The most useful thing this exploration turned up is where our own branch sits in the design space. Strip away the FSST framing, and the execution side of our approach is Hyperscan. We did not set out to clone it; the candidate-then-verify shape is simply where our design landed, and once the resemblance was obvious, we brought in Hyperscan's actual prefilter rather than reinvent it. The Teddy pass is Hyperscan's Teddy, the multi-pattern path is its Fat Teddy, and the surrounding pipeline is the literal-prefilter-plus-automaton architecture that Hyperscan popularized. Our execution-side contribution amounts to running that architecture over FSST codes rather than raw bytes, which is a good engineering result, though not a new matching technique. That recognition is the larger reason this work became a blog post rather than the foundation of a submitted paper.

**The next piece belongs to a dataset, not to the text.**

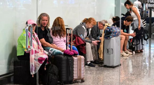El cansancio y la frustración se reflejaban en el rostro de numerosos turistas, que arrastraban pesadas maletas.

TU Munich's branch sits in a quite different place. Their implementation contains no literal prefilter at all, neither Teddy nor FDR, Hyperscan's two literal-matching engines, so the single most Hyperscan-shaped component is absent. They run the automaton over the entire compressed stream and rely on code generation to make it fast, which Hyperscan does not do, since Hyperscan compiles a pattern into a bytecode database that its fixed engines interpret rather than into machine code. Their one point of contact with Hyperscan's toolbox is the self-loop accelerator, which is shufti-flavored (find the next interesting byte) rather than the full prefilter-and-verify pipeline. Thus, their execution story is genuinely not "just Hyperscan," while ours, on the execution side, mostly is. For those interested, we highly recommend their DaMoN 2026 paper; it's worth the read.

Final thoughts

In this blog, we explored two independent implementations of the same idea. When set side by side, they clearly demonstrate the split behavior underpinning the overall design space: the prefilter wins when the fingerprint discards most positions, while the compiled automaton wins when there is less to discard. The same map shows that the designs are complementary rather than competing. Our implementation uses Hyperscan's prefilter, whereas TUM's approach relies solely on a compiled engine.

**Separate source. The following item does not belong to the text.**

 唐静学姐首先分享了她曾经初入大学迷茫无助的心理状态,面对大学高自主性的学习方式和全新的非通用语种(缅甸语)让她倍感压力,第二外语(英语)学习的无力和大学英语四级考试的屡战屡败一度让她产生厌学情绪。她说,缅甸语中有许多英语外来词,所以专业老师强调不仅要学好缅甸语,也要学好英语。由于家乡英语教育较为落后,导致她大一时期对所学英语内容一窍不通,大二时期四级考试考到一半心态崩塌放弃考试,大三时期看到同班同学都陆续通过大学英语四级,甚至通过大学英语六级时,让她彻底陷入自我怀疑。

One could consider the combination of both techniques a natural successor to both implementations. Teddy would run first, discarding candidate positions at SIMD speed. Then TUM's compiled automaton would replace our interpreted verifier at the surviving positions, where its per-step advantage applies to exactly the work no prefilter can remove. The corridor between 10 and 21 percent selectivity, where neither design wins outright, is precisely the region a combined matcher targets: dense-fingerprint substrings would preserve the compiled path's throughput, selective strings would preserve the prefilter's skipping, and the planner already computes the fingerprint-density estimate that separates them. Neither codebase contains this system today, though between them they contain every part of it.
We leave the exploration of this idea as future work.
The matcher described here is open source, and the Teddy prefilter and planner are on their way upstream to Vortex. Vortex has repeatedly benefited from implementing ideas from research groups around the world; we look forward to seeing where the future work of our research team and TUM's database group will go.